6. Disappearance of a cargo plane with works of art (1979)
This unusual story took place in 1979 when a Varig Brazilian Airlines cargo plane took off from Narita International Airport in Tokyo with six crew members on board. It would seem that an ordinary flight, although carried out in not the most favorable conditions, should have passed as usual. However, in reality, everything went wrong: half an hour after the start of the flight, the plane disappeared from the radar, although 10 minutes before that the captain reported to the dispatchers that everything was normal.

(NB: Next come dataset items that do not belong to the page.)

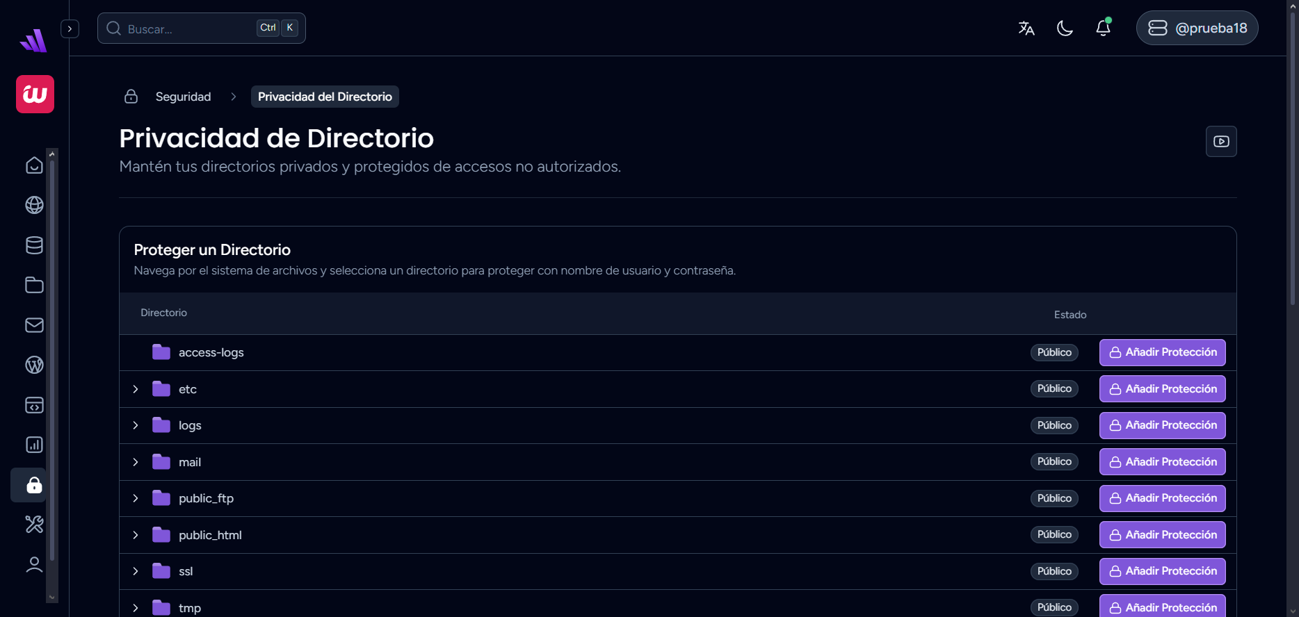 En ocasiones, los archivos y directorios de nuestro sitio pueden quedar expuestos si no configuramos bien la seguridad. WePanel nos permite proteger estos directorios mediante contraseñas y restricciones de acceso.
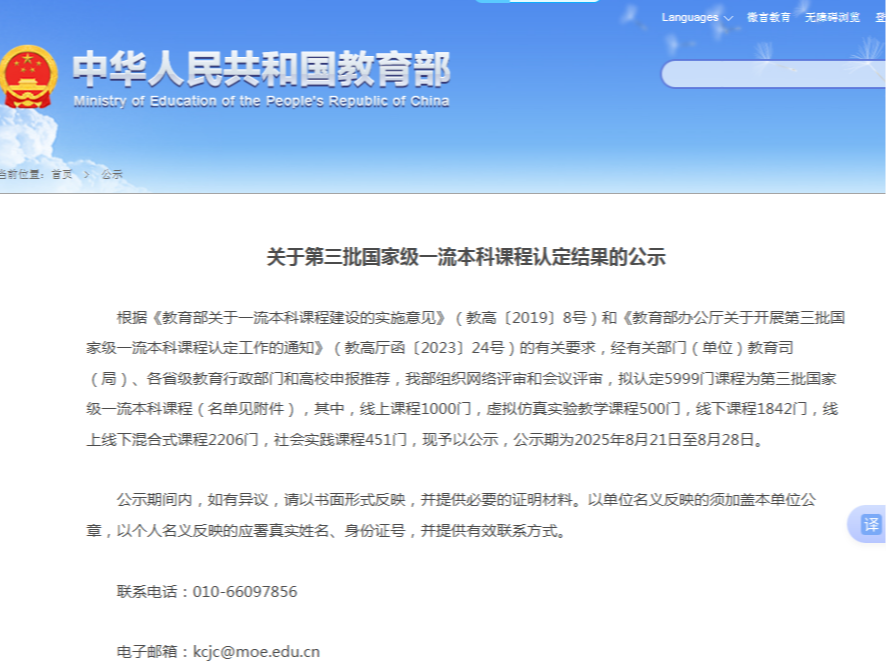 2025年8月21日,教育部高等教育司公示了“第三批国家级一流本科课程认定结果”,beat365四门课程获国家级一流本科课程认定,其中线上课程1门,线上线下混合式课...
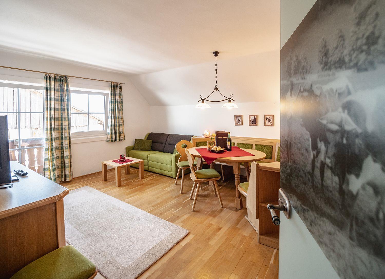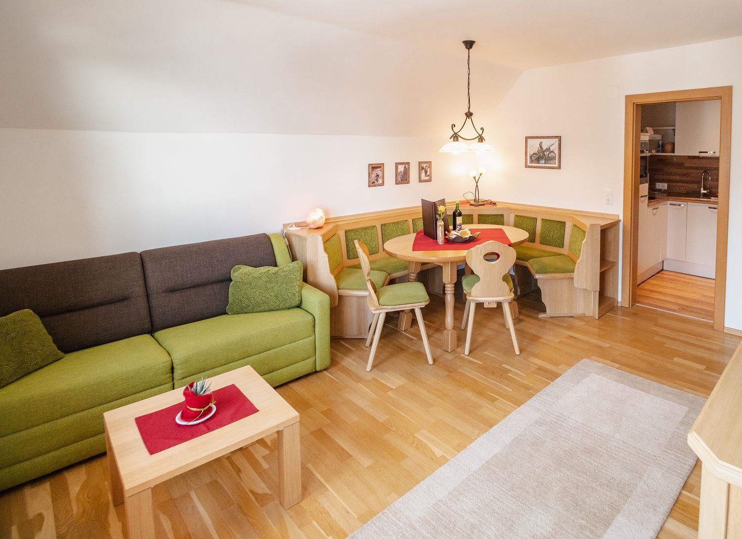 Eine im Landhaus Stil eingerichtete Ferienwohnung mit 45m². Dieses Appartement ist ideal für 2 – 4 Personen und bietet Ihnen jeglichen Komfort den Sie in Ihrem Urlaub wünschen. Das Holz-Loden Schlafzimmer mit Balkon und Badezimmer lädt für kuschelige Stunden ein. Im Wohnraum mit Sitzecke und gemütlicher Couch (Schlafmöglichkeit für 2 Personen) sowie einer voll ausgestatteten Küche können Sie bei einer heißen Tasse Tee verweilen.

The investigation of the accident did not give anything: neither the place of the alleged crash of the aircraft, nor the probable reasons were found. However, not one conspiracy theory was born around this story, but all because the Boeing 707, flying to Rio, carried on board 153 paintings by the artist Manubu Mabe, which, according to the Novate.ru editorial board, were estimated in total at 1, $ 2 million. That is why many believed that either a robbery had occurred, or the plane was hijacked, but they also consider a more trivial course of events - the failure of control systems - as the reason for the loss of the liner.
7. Boeing 727 hijacking (May 25, 2003)
For nearly twenty years, experts have been puzzling over what happened at the airport in Luanda, Angola, in May 2003. The story is presented as follows: Boeing 727 was supposed to carry out cargo transportation, for which it was bought by one businessman. Aviation engineer Ben Charles Padilla and John M. Mutantu, a hired mechanic from the Republic of Congo, were to prepare the liner for flights after a long downtime.

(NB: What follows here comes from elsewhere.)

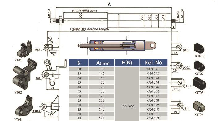 注:由于氣彈簧是非標準的,以上僅為型號的一部分。我們可以根據客戶的要求定制。
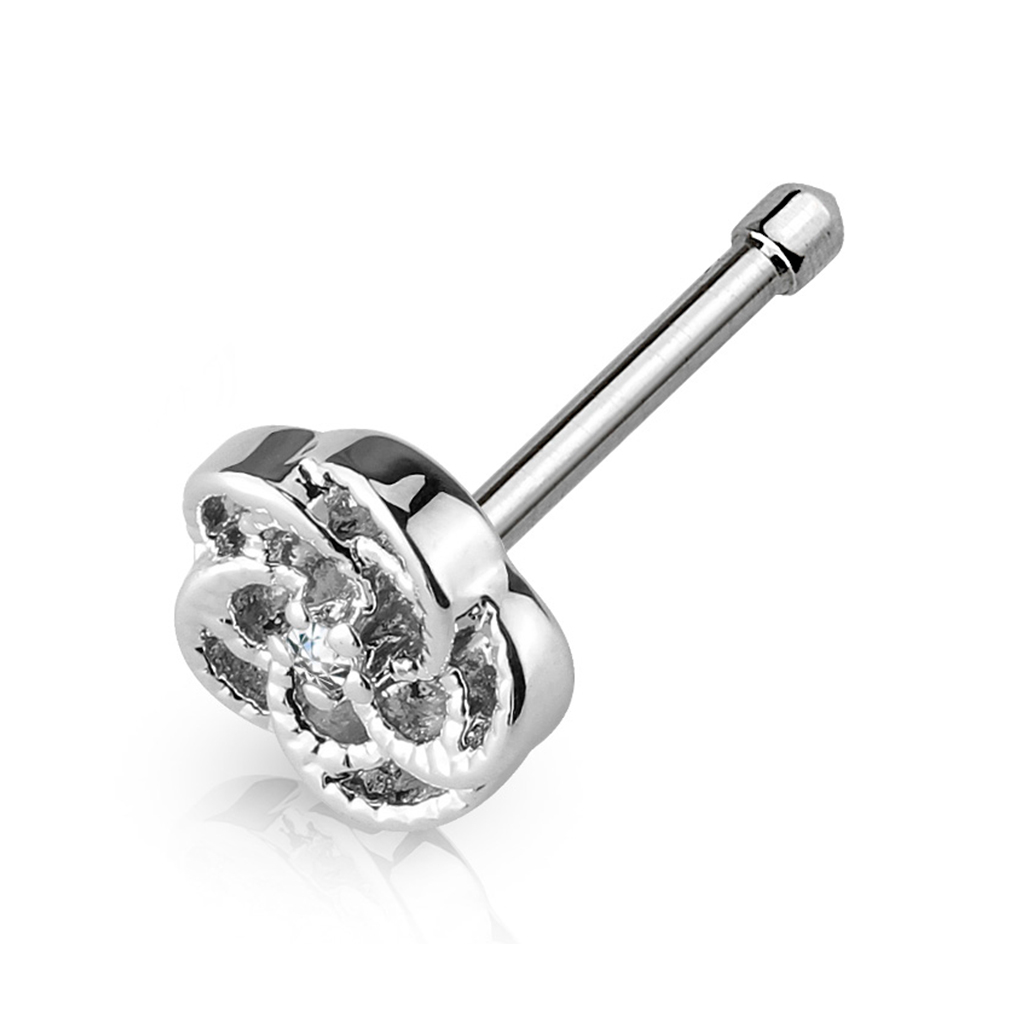 Denne søde næsestav består af en lige stav med en smuk rose i fronten. Rosen er meget detaljeret med hullede overlappende blade, der tilmed har fået lidt struktur i form af små knopper på bladenes kanter. I midten af rosen er der monteret en lille sten, som matcher det spejlblanke design rigtig godt.

On May 25, they boarded, and soon the plane began to take off without the permission of the dispatchers. Attempts by the airport administration to contact Boin failed. The situation seemed completely unrealistic: firstly, to operate this type of aircraft, not two people are needed, but three. In addition, although Padilla had flying rights, he did not have access to control the Boeing 727, and it is far from the fact that he would have managed to fly far on it.
Numerous attempts to at least find the plane in the area where, according to calculations, it should have run out of fuel, did not lead to anything. Neither the Boeing nor the two people who flew away on it were ever found. Quite quickly, a variety of versions began to be built around this story: from the opinion that Padilla could have been made to take off, but he lost control, to assumptions that in fact the liner was intended to carry illegal substances.
8. Disappearance of a British aircraft after the STENDEC report (2 August 1947)
Perhaps this case is the most mysterious among the plane crashes, when the crashed plane was not found. And it was like this: On August 2, 1947, a British South American flight known as Star Dust took off from Buenos Aires to Santiago, Chile. However, a few minutes before landing, the liner crashed, presumably in the Argentine Andes. However, the search operation did not return any results. And only in the eighties a group of climbers found the remains of an aircraft, but this did not shed light on the causes of the disaster.
The only clue that remained after the disappeared plane was a mysterious Morse code message - the last that was transmitted from the aircraft. It sounded like "ETA SANTIAGO 17.45 HRS STENDEC", and it was transmitted from the plane three times. But neither the dispatcher, nor the investigators, nor other lovers of conspiracy theories could decipher this strange message. It is not clear what this code could mean, so a version appeared that "STENDEC" is a random combination of letters or an error while typing.